A Long Bridge to Where?
A Long Bridge to Where?
“The best the ECB can do is to buy time in the hope that other policy-making entities with better instruments will step in, both at the national and regional levels”
-Mohammed El-Erian, Former CEO of PIMCO
There was certainly no shortage of action in the markets this week. Following a week when the Swiss France made a 30 per cent move in a matter of seconds, it would have been hard to believe we could match the week prior in terms of volatility and excitement. We are currently witnessing an undeniable shift in monetary policy. Six years since a financial crisis, and just recently the consensus was for an improving economy and a rising rate environment, but instead we are now seeing round two of central bank stimulus with a number of G20 central banks participating.
The surprise for the markets this week was provided by the European Central Bank. Somehow the ECB was able to deliver investors an open ended stimulus program that exceeded expectations. The oft-quoted Mario Draghi line from the summer of 2012 pledging to do whatever it takes to preserve the Euro finally came to fruition. The ECB President, Mr. Draghi and his team of central bankers delivered a US Fed style open ended stimulus aimed to buoy risk assets and support the sovereign debt markets of member nations. The question is, will it work?
The shortfall with Quantitative Easing in the United States was very simply the fact that there were no complimentary fiscal policies. Too many analysts and commentators concentrate on the actions of central bankers and whether or not there policies are justified. This is the wrong question to be asking.
A prime example of this was the Swiss National Bank’s decision last week to abandon the peg. Their balance sheet had grown so exponentially, and would have been under even more pressure to support the Franc given the action seen in the Euro this week. Abandonment was more an inevitability than a decision. And in the United States, 2008 and 2009 saw credit markets freeze and a slow response in terms of fiscal policies. The Fed bought time for the economy by keeping rates near zero, keeping downward pressure on long term debt markets, and an imperfect response, but created a wealth effect in the equity markets to hope for increased consumption and spending in the economy.

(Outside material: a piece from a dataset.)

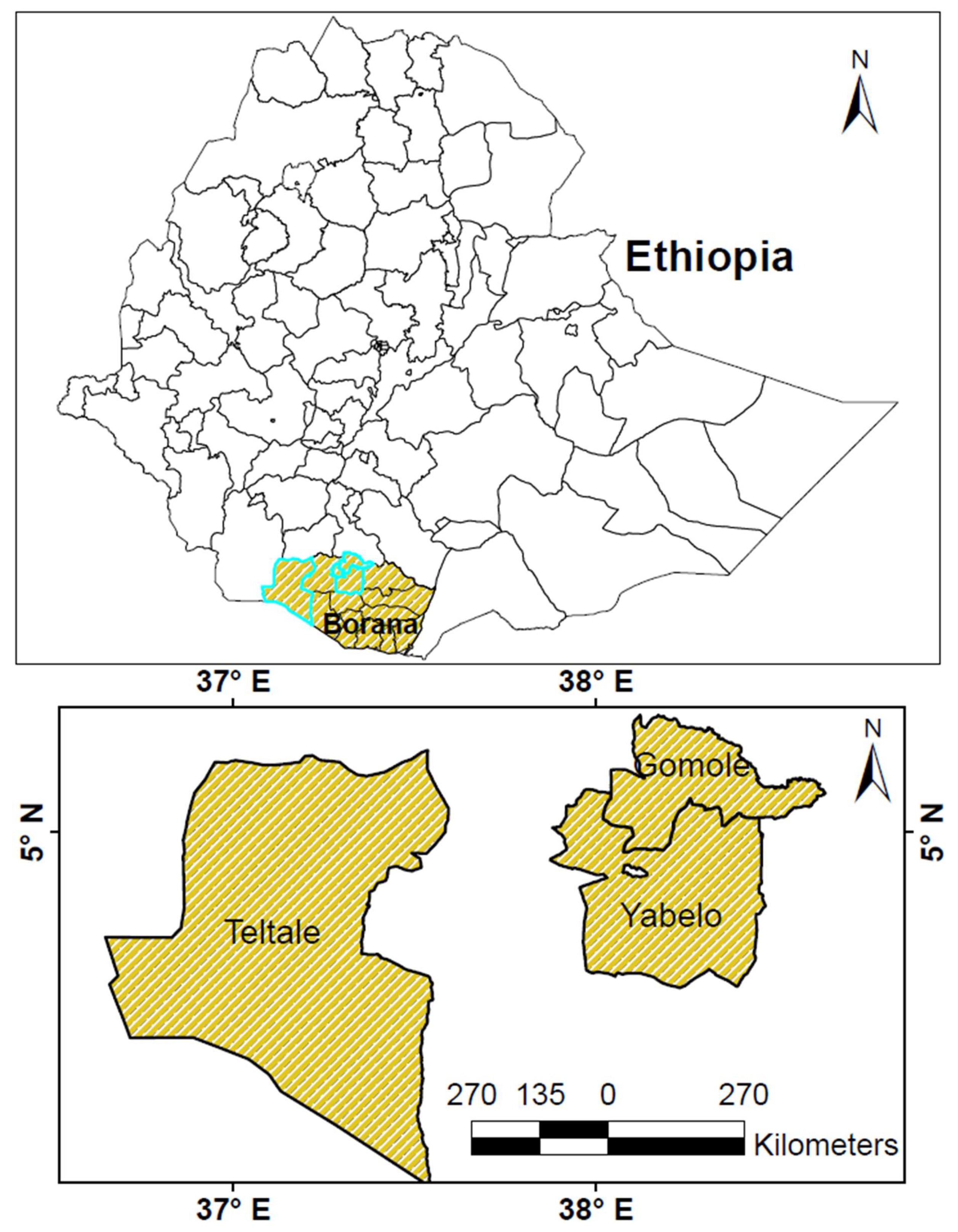 The study was conducted in three woredas (districts) within the Borana zone of southern Ethiopia, namely, Teltale, Yabello, and Gomole (Figure 1). These areas are situated in the lowland agro-pastoral areas, characterized by a mix of crop–livestock production systems [24]. Yabello Woreda spans approximately 9327 km2, with altitudes ranging between 1200 and 1800 m above sea level (m.a.s.l). Teltele Woreda covers an area of about 10,620 km2, with its elevations ranging from 500 to 1500 m.a.s.l. Moreover, Gomole Woreda covers an area of 8500 km2, featuring elevations that lie between 1000 and 1500 m.a.s.l. These selected areas showcase a diverse topography that reflects the unique geographical characteristics of the Borana zone. Moreover, these areas are largely classified as semi-arid and lowland, which significantly influences their agricultural and pastoral activities [21]. Temperature ranges from 20 °C to 30 °C throughout the year but can reach over 35 °C during the dry seasons [25]. The economy of Yabello is primarily based on the rearing of livestock, such as cattle, goats, sheep, and camels. Crop productions are also commonly practiced, producing crops like maize, sorghum, and beans [26]. The annual average rainfall of the study areas varies between 400 and 700 mm [27,28], with the rainy season concentrated between March and May and from September to November. Rainfall is bimodal, with the main rainy seasons occurring between March and May (long rains) and from September to November (short rain), though variability often leads to prolonged drought periods [28,29]. Livestock production is the primary source of livelihood in the study areas, but crop production is practiced, producing crops such as maize, sorghum, and teff, though rainfed [27,28].

Similarly, the Europe Union will see similar outcomes, but faces similar challenges. Moreover, the situation there is posed as even more challenging given already politically unpopular and unfavourable policies and social unrest. One common example of this, and has been evident through the Euro Crisis is small businesses through Europe cannot get affordable credit and loans because the financial institutions don’t want the risk. The transmission of the process undertaken by the ECB to the financial institutions to the lenders is broken, and that’s just one task to fix.

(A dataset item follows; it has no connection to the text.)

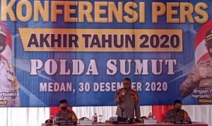 Medan, POL | Diawali dengan pembacaan doa, konfrensi pers akhir tahun 2020 yang rutin dilaksanakan tiap akhir tahun, kali ini konfrensi pers diadakan di mako Sat Brimob Polda Sumut, Jalan Wahid Hasyim Medan, Rabu (30/12).
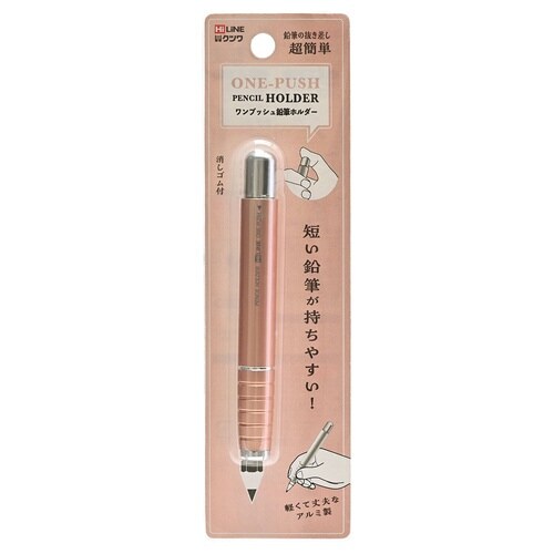 抜き差し簡単ワンプッシュ!ワンプッシュで簡単に鉛筆を着脱。消しゴム付。すべり止め加工。光沢感のあるアルミ製。 |

Mohammed El-Erian’s quote above addresses the shortfall in the ECB’s policies. Many have referred to these coordinated actions by central banks as building a bridge to nowhere. I don’t like to be that pessimistic. But the point is that monetary policy will not be a sufficient solution to spurring economic activity should they not be accompanied by policies from fiscal and regional levels of government. Time will tell if my views will have to shift.